Restoration Philosophy:

This might be stating the obvious but I will mention it just in case – every pipe offered here is an estate pipe, meaning it was used at one point or another.

I will try to sum up my restoration philosophy and morals, but keep in mind that every restoration is approached very individually.

My main goal is always to do the pipe justice and to give it the best chance in its “second life” in a deliberately conservative way – the goal is to preserve originality, character, and history rather than to make a pipe look artificially new. I avoid unnecessary material removal, aggressive refinishing.

Like everything else those morals have their exceptions – if I am restoring pretty new pipe for example that is supposed to look “like new” and doesn’t have much historical value, I might fix some issues, which I will never touch on a 50+ years old pipe.

At the end of the day, a perfect restoration is one where no material was sanded away and the original stain was 100% preserved.

I still need to balance out the “best chance in life” and if I see that a pipe will benefit from a fix than it will lose, then I just do what I think is best for the pipe.

Grading Overview:

As you can see following those strict rules and morals means that my end results will never be the same, because pipes come to me in an array of different conditions.

This is why I created my Restoration Grading system.

Let me give you the basics then give the specific rules for every grade in order to be as transparent as possible.

Grade A pipes – completely restored pipes up to my standards and ready to smoke. These go from grade A1 to A5.

Grade B Pipes – the pipes in this grade didn’t make the cut and I decided not to restore them, for one reason or another. They are still inspected for major damage but not restored whatsoever. These are either grade B1 or B2.

Restoration Grades:

A1 – NOS and usnmoked pipes only

A2 – barely smoked pipes (less than 10 times) in practically as new condition

A3 – pipes in this grade will be very close to “as new” condition but some minor usage or restoration marks are allowed

A4 – some more obvious usage or restoration marks are allowed, but only cosmetic ones and they will be specifically mentioned and shown in photos. Still no repairs done on the pipes.

A5 – the only condition for this grade that I pay attention to is if I had to do a major repair on the pipe – gluing cracks, reshaping, filling etc… Even if I have a grade A2 pipe but with just one repair it automatically becomes an A5.

B1 – unrestored pipes without major repairs needed. They can all be restored up to a Grade A1–A4 by a skilled restorer.

B2 – unrestored pipes which need repair work and can only be restored up to a Grade A5.

 

Disclaimer

Grade B pipes are great project pipes or a way for you to learn and experience the restoration process yourself, without having to stress about ruining a nice Dunhill or Peterson.

Unfortunately, I can’t guarantee any results here, as it depends a lot on your personal skills.

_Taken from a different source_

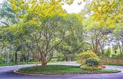 这里树龄最大的一株桂花已经200岁,生长在梅岭礼堂三岔路口。记者看到,这株树树形也十分好看,树枝优美地向四周舒展,像盆景一样美观。陈思敏告诉记者,由于它生长在路中间,是一处景观节点,所以他们注重树形塑造。去年,对内膛枝进行了掏枝修剪,让其看起来十分通透,还对树身的几处小树洞进行了精心修补。“但由于周边大树太多,遮挡了阳光,这株树目前开花不多。”陈思敏惋惜地说。
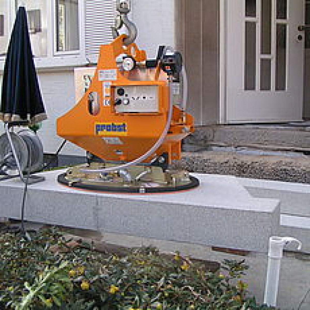 Die Vakuumhebegeräte können mühelos und wirtschaftlich Naturstein-, Beton-, Marmorplatten, Rohre, Trittstufen usw. anheben und versetzen. Die SH-Serie kann mittels Lasthaken, Ketten oder Seil an jedes beliebige Trägergerät angehängt werden. Das VPE12E kann wahlweise mit einem Ein-Mann-Tragegriff oder mit einem Zwei-MannDoppeltragegriff angemietet werden.

Basic Restoration Process:

1. Inspection

2. De-ghosting

3. Reaming the bowl

(I always aim to leave a thin carbon layer, but most of the time they will have none, because I wanted to see if there is any hidden damage to the briar)

4. Through cleaning of the whole inside of the pipe (bowl, shank and stem)

Since everyone has their own standards for this pipe, please assume that it is done 90% up to your liking and might need a minute or two for you to consider the pipe ready to smoke.

5. Rim work

Get rid of lava, darkening unevenness and damage. Most of the time this specific step is the biggest deciding factor as to what grade a pipe ends up being.

6. Briar surface

Clean, dents and damage, stain and polish. Here is mostly inspection and decision making.

7. Stem work

Deoxidation, fit, fix chatter, fix any damage on the bite or button, polish.

(Keep in mind that on older pipes especially if they have a “weeker” logo stamp, the stamp area might be left slightly oxidized as not to damage the stamp itself)

8. Wax

As a last step I put a very thin layer of carnauba wax on the briar. This layer is not intended to be permanent – it gives the pipe a great and very glossy protective layer, which will be absorbed by the briar or your hands after 1–3 bowls, leaving a beautiful and more age appropriate satin finish.